On the debit side of PwC's balance sheet are a host of give-backs to government that PhRMA negotiators, led by then-chief Billy Tauzin, agreed to, including: Discounts to fill in the Medicare Part D "Donut Hole" ($41 billion); increased Medicaid rebates ($40 billion); an annual industry fee that adds up to $31 billion; and forecast losses due to the biosimilars pathway established by the ACA. On the credit side: $15 billion in sales from the newly insured. Result: pharmas lose $140 billion—nearly 5% of industry revenues for the period covered (2012-2021).
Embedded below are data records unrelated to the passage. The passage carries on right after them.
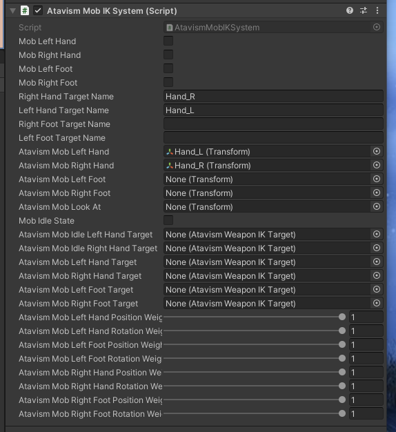 This is an Optional Script but will give your character some improvements in the animations when utilizing the IK handling system. This will allow feet and hands to be properly positioned on various items. See the Course on the Atavism IK Handling on how to use it.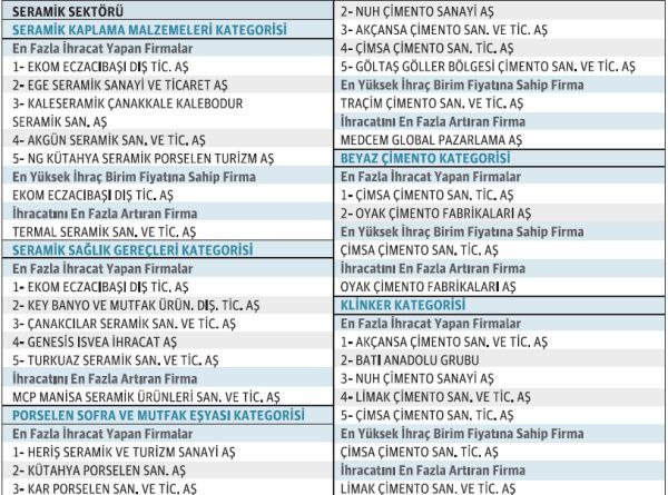 Türkiye İhracatçılar Meclisi (TİM) bünyesindeki ihracatçı birlikleri 2020 yılının en başarılı firmalarını ödüllendiriyor. Son olarak 2 binin üzerindeki üyesiyle tek ve koordinatör ihracatçı birliği olan Çimento, Cam, Seramik ve Toprak Ürünleri İhracatçıları Birliği (ÇCSİB) de 11 alt sektördeki 71 firmaya ödüllerini verdi. Ödül törenin açılışına Ticaret Bakan Yardımcısı Rıza Tuna Turagay, TİM Başkanı İsmail Gülle ve ÇCSİB Başkanı Erdem Çenesiz katıldı.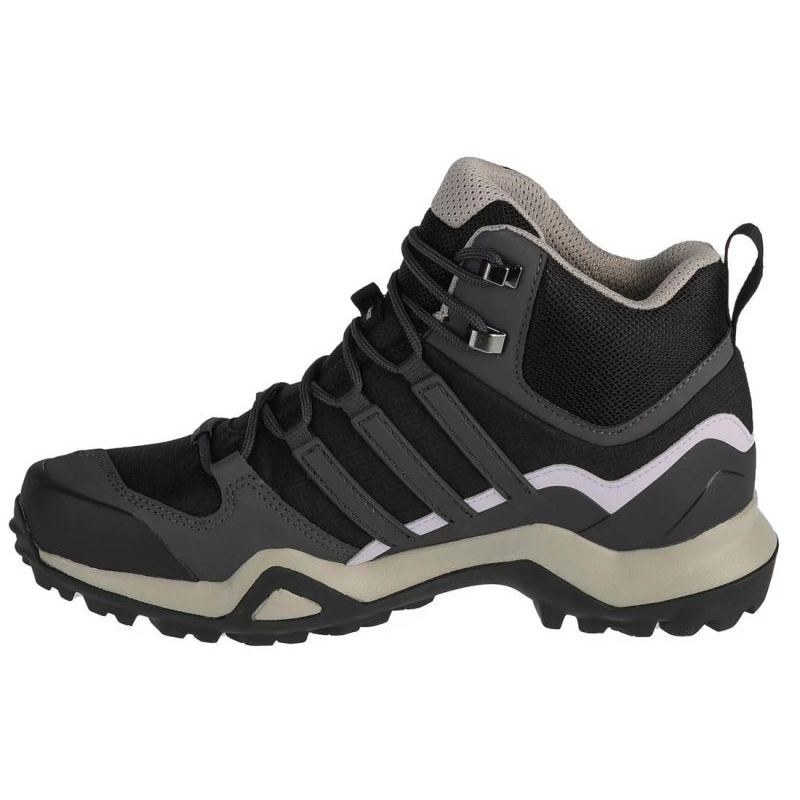 Pantofii adidas Terrex Swift R2 Mid GTX EF3357 se disting printr-o culoare neagră elegantă care se potrivește cu multe stiluri. Construcția înaltă a pantofilor protejează suplimentar glezna, ceea ce este important atunci când parcurgeți trasee solicitante.

Asked how PwC came up with that $15 billion projection for revenue gains, a spokesperson said in an email: "The source is PwC. The methodology for PwC's internal analysis is consistent with methodology used by [the Congressional Budget Office] in determining changes in drug spending following changes in drug coverage. The number of people gaining drug coverage (through their gaining insurance coverage under the ACA or experiencing improvements in existing coverage under the ACA) is tied to CBO's projections of changes in insurance enrollment." The CBO did not return our calls.
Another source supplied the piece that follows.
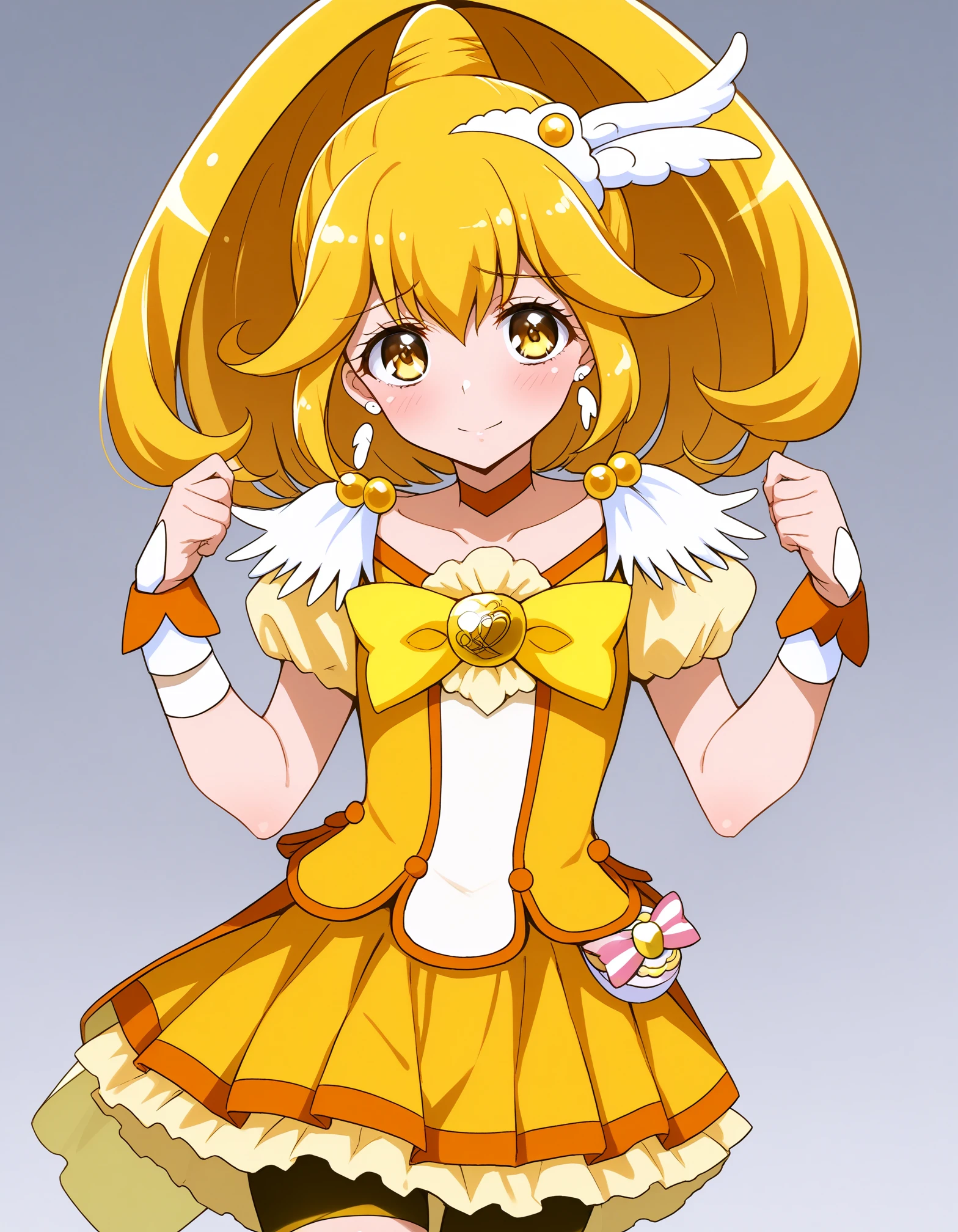 KY-CP, 1girl, yellow eyes, wide ponytail, hair flaps, hair between eyes, yellow hair, hair ornament, wing ornament, tiara, yellow choker, feather earrings, yellow bow, yellow shorts, yellow skirt, bike shorts, shorts under skirt, orange wrist cuffs, knee boots

“If you think about who's going to be covered, it's hard to imagine increased utilization leading to a windfall,” said Richard Manning, a former Merck and Pfizer policy analyst who's now a partner at Washington economic consulting firm Bates White. “Think about the people who don't have insurance—it's either young and relatively healthy or sick and pretty complicated and often not seeking out care. If they're covered under Medicaid, they might be heavy users of generics rather than branded pharmaceuticals.”

There are a number of intangible benefits for pharmas in the law. First and foremost, though it might be hard to remember now, prior to the economic crises, there was an incredible amount of public angst about the tens of millions of uninsured and underinsured Americans, and because drug prices are, for most, the most visible healthcare cost, pharmas often bore the brunt of that ire.
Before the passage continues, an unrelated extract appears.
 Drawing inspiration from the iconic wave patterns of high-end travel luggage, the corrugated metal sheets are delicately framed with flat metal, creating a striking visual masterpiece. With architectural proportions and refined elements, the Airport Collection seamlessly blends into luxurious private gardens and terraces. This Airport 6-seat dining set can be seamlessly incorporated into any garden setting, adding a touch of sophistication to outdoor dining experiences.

The industry's sacrifices also bought pharmas a seat at the table as the bill was being hashed out, letting PhRMA negotiators nix deal-breakers like legalizing importation of drugs from Canada and other countries, or various price control schemes—though the trade group was unable to head off the implementation of the Independent Payment Advisory Board for Medicare. Unlike the less-cooperative device industry, on which the White House and Senate negotiators levied a harsh 2.3% excise tax, PhRMA got some say in how it would help make the law revenue-neutral, and much of the drug industry's contribution is going towards shoring up the Medicare Part D prescription drug benefit, which has provided a nice boost to utilization.

Those intangibles will be cold comfort to the biopharma bigs that felt Tauzin gave away the store in his dealings with the White House. Tauzin left PhRMA abruptly in February 2010, before the bill was passed and at a time when it looked like it might not make it.

A PhRMA spokesperson said that the group was reviewing the PwC numbers and had no comment beyond that issued in response to the Supreme Court decision. That statement, attributed to CEO John Castellani, said: “We respect the Court's decision and recognize that there will be ongoing policy discussions about the future of health care in America, and about the impact of today's decision on the health care law.  We will work with Congress and the Administration on a bipartisan basis to address these important issues and will continue to advocate for an environment that fosters medical innovation and access to new medicines.  We will also continue to work for necessary changes to the Affordable Care Act, such as the repeal of the Independent Payment Advisory Board (IPAB).”